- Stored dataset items

[Start of Attachment]

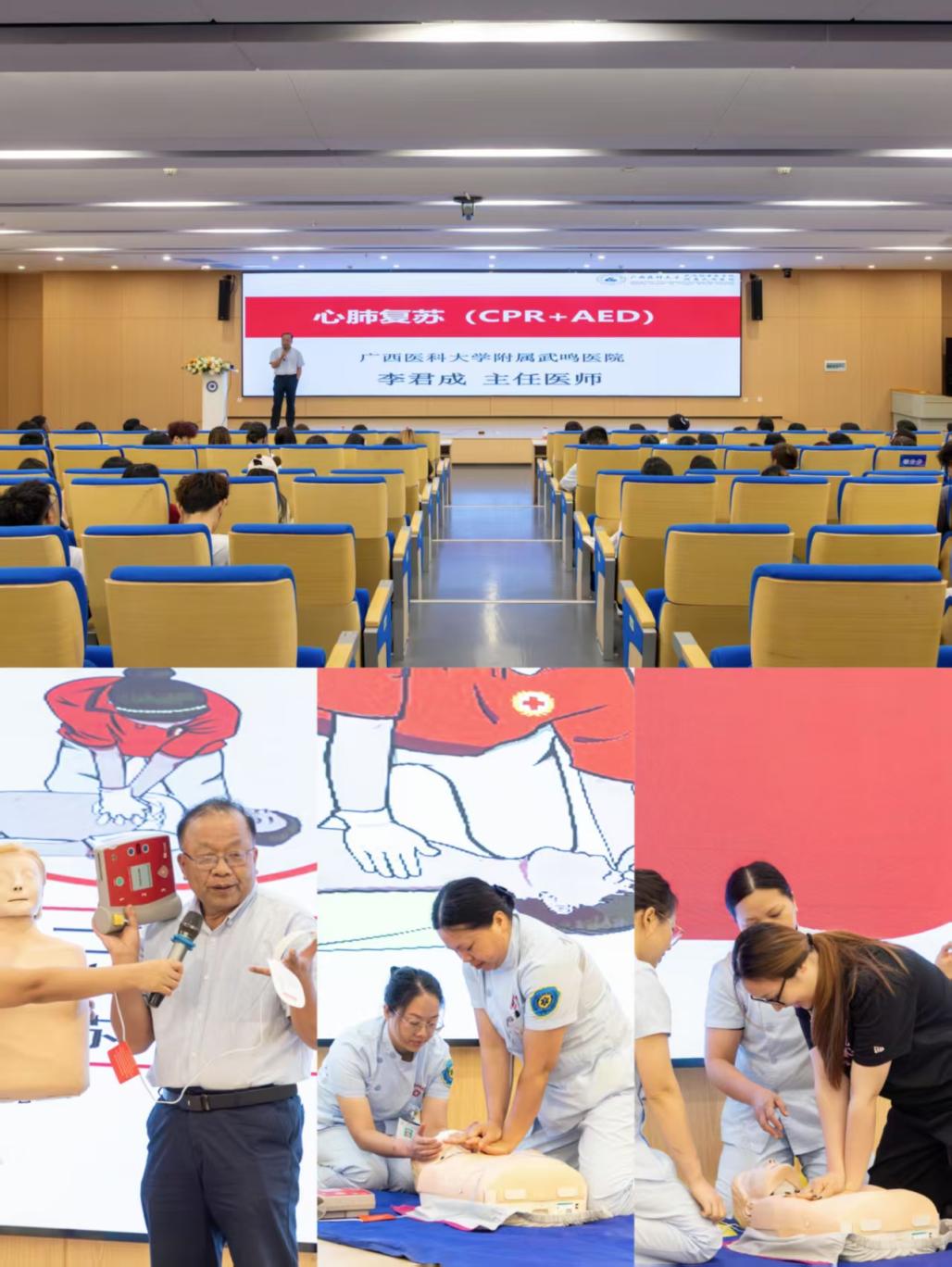 活动最后,广西医科大学急诊科李君成主任详细讲解了心搏骤停及生存链、心肺复苏、自动体外除颤器(AED)等知识,并通过实操让大家掌握心肺复苏以及使用自动体外除颤器的方法。在场学生积极踊跃参加模拟演示,展示了心肺复苏的标准操作流程,包括正确的按压位置、按压深度和频率,以及如何在确保安全的前提下进行人工呼吸。
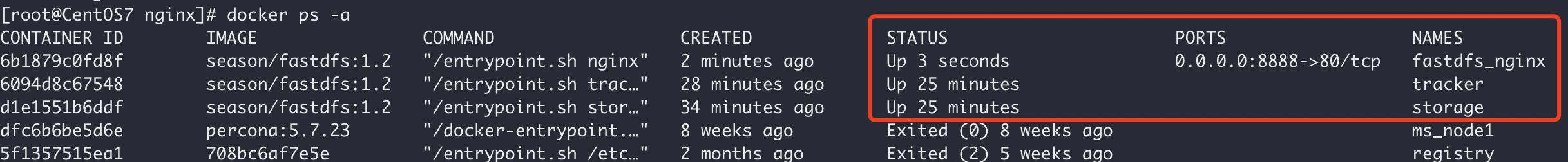 docker run -id --name fastdfs_nginx \ --restart=always \ -v /usr/local/server/fastdfs/data/storage:/fastdfs/store_path \ -v /usr/local/server/fastdfs/nginx/nginx.conf:/etc/nginx/conf/nginx.conf \ -p 8888:80 \ -e TRACKER_SERVER=10.211.55.4:22122 \ season/fastdfs:1.2 nginx
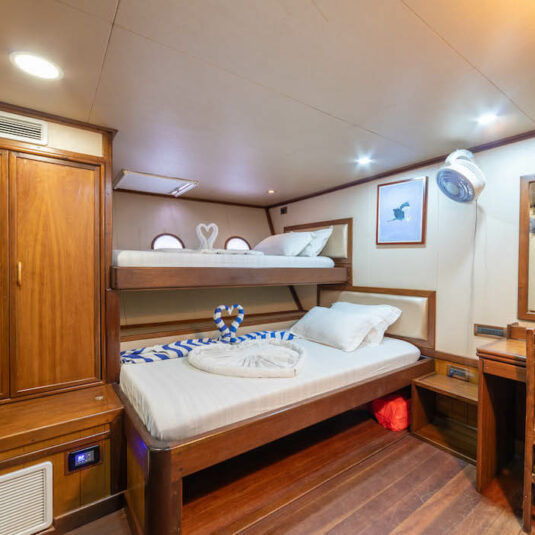 Featuring two bunk beds, this room can host up to 2 guests. Amenities include airconditioning, a closet, small vanity and a bathroom with shower
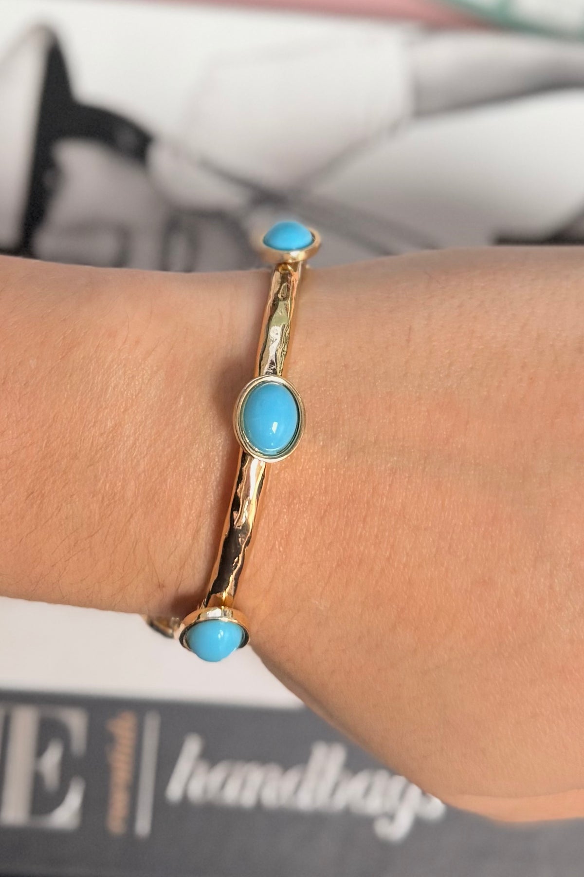 The Lila Gem Bangle brings a chic pop of color and shine to your everyday stack. Each gold-dipped hammered band features a single bezel-set stone—available in pearl, ruby, clear crystal, turquoise, and more—making every bracelet uniquely eye-catching. Lightweight and perfect for layering, Lila adds effortless elegance whether worn solo or styled in a bold, colorful stack.
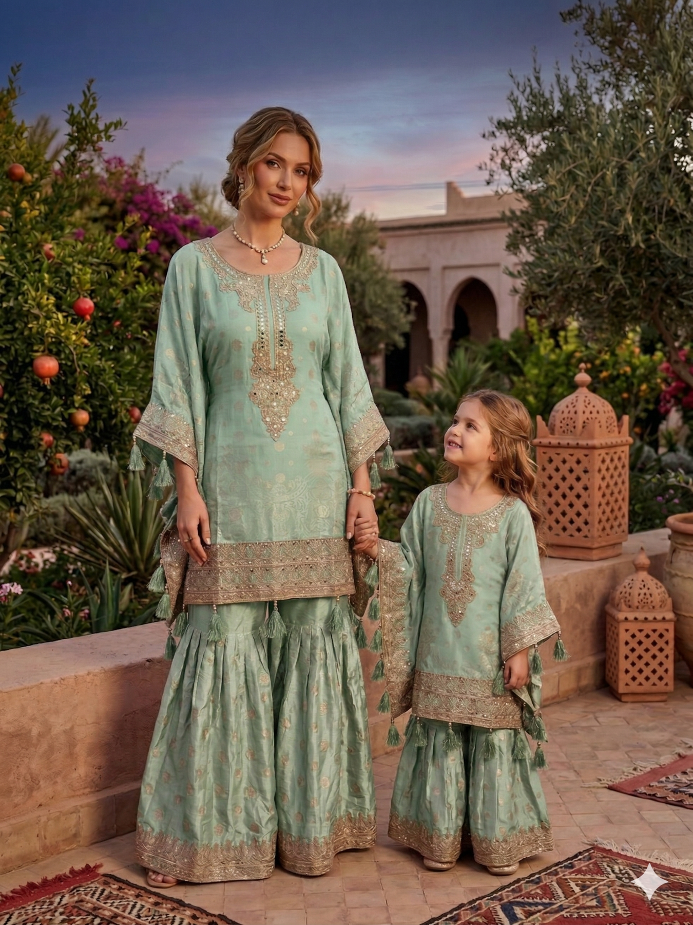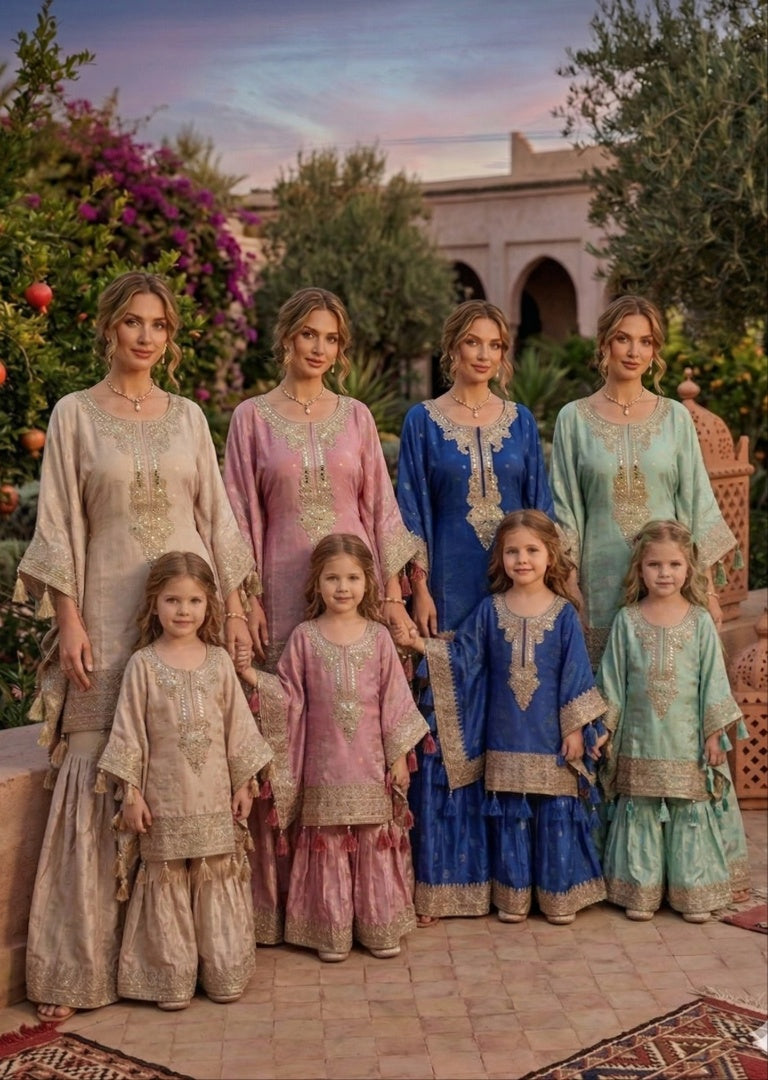 Luxurious kaftan outfits crafted from rich jacquard fabric, beautifully detailed with mirror work and intricate thread and tilla embroidery for an elegant, statement finish.
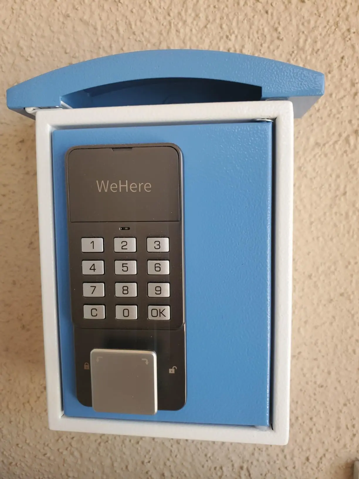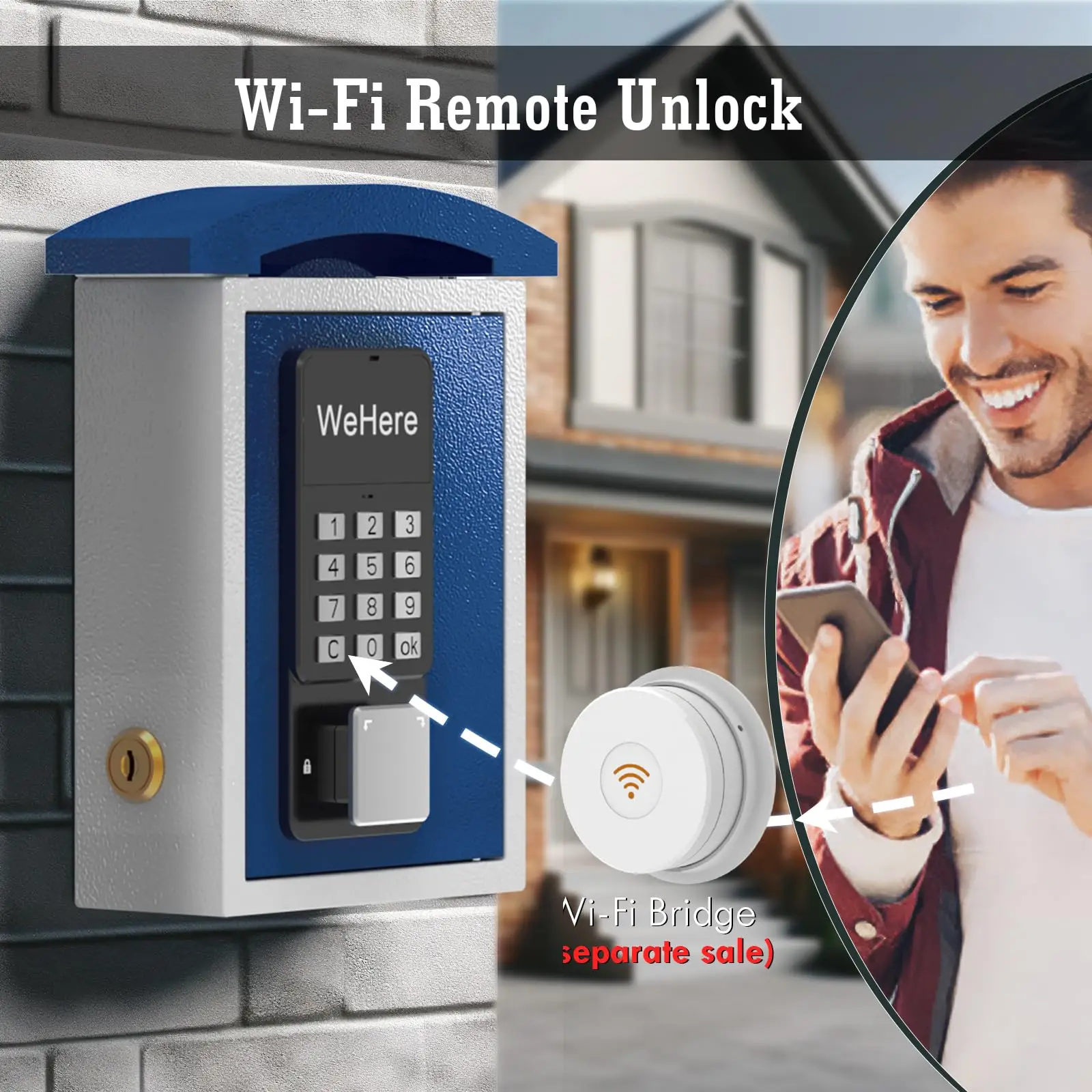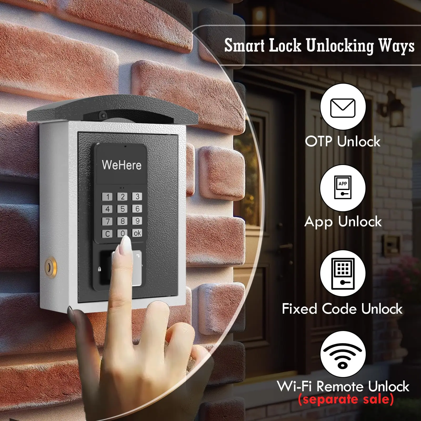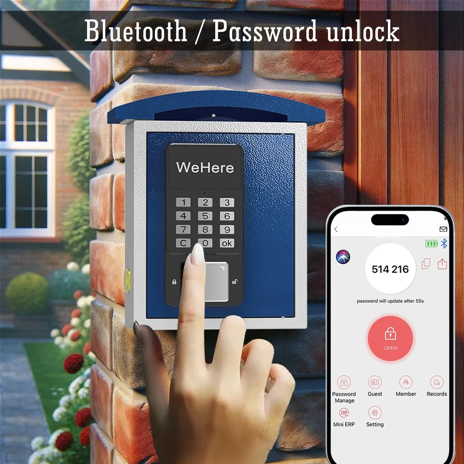 [4 ways to unlock] 1,Password unlocking, which includes one-time passwords and fixed passwords. You can set a validity period for the password. After setting a validity period for a one-time password, you can generate a URL for the password, which can be shared with clients via social media. 2, Bluetooth unlocking, which requires the installation of the WeHere App to use. 3, Wi-Fi remote unlocking,The WiFi bridge needs to be purchased separately. 4,Backup key unlocking.

[End of Attachment]

- TASK DIRECTIONS
Produce the entries above once more, exactly as given, with each picture left out.

- ANSWER BOX
 活动最后,广西医科大学急诊科李君成主任详细讲解了心搏骤停及生存链、心肺复苏、自动体外除颤器(AED)等知识,并通过实操让大家掌握心肺复苏以及使用自动体外除颤器的方法。在场学生积极踊跃参加模拟演示,展示了心肺复苏的标准操作流程,包括正确的按压位置、按压深度和频率,以及如何在确保安全的前提下进行人工呼吸。
 docker run -id --name fastdfs_nginx \ --restart=always \ -v /usr/local/server/fastdfs/data/storage:/fastdfs/store_path \ -v /usr/local/server/fastdfs/nginx/nginx.conf:/etc/nginx/conf/nginx.conf \ -p 8888:80 \ -e TRACKER_SERVER=10.211.55.4:22122 \ season/fastdfs:1.2 nginx
 Featuring two bunk beds, this room can host up to 2 guests. Amenities include airconditioning, a closet, small vanity and a bathroom with shower
 The Lila Gem Bangle brings a chic pop of color and shine to your everyday stack. Each gold-dipped hammered band features a single bezel-set stone—available in pearl, ruby, clear crystal, turquoise, and more—making every bracelet uniquely eye-catching. Lightweight and perfect for layering, Lila adds effortless elegance whether worn solo or styled in a bold, colorful stack.
 Luxurious kaftan outfits crafted from rich jacquard fabric, beautifully detailed with mirror work and intricate thread and tilla embroidery for an elegant, statement finish.
 [4 ways to unlock] 1,Password unlocking, which includes one-time passwords and fixed passwords. You can set a validity period for the password. After setting a validity period for a one-time password, you can generate a URL for the password, which can be shared with clients via social media. 2, Bluetooth unlocking, which requires the installation of the WeHere App to use. 3, Wi-Fi remote unlocking,The WiFi bridge needs to be purchased separately. 4,Backup key unlocking.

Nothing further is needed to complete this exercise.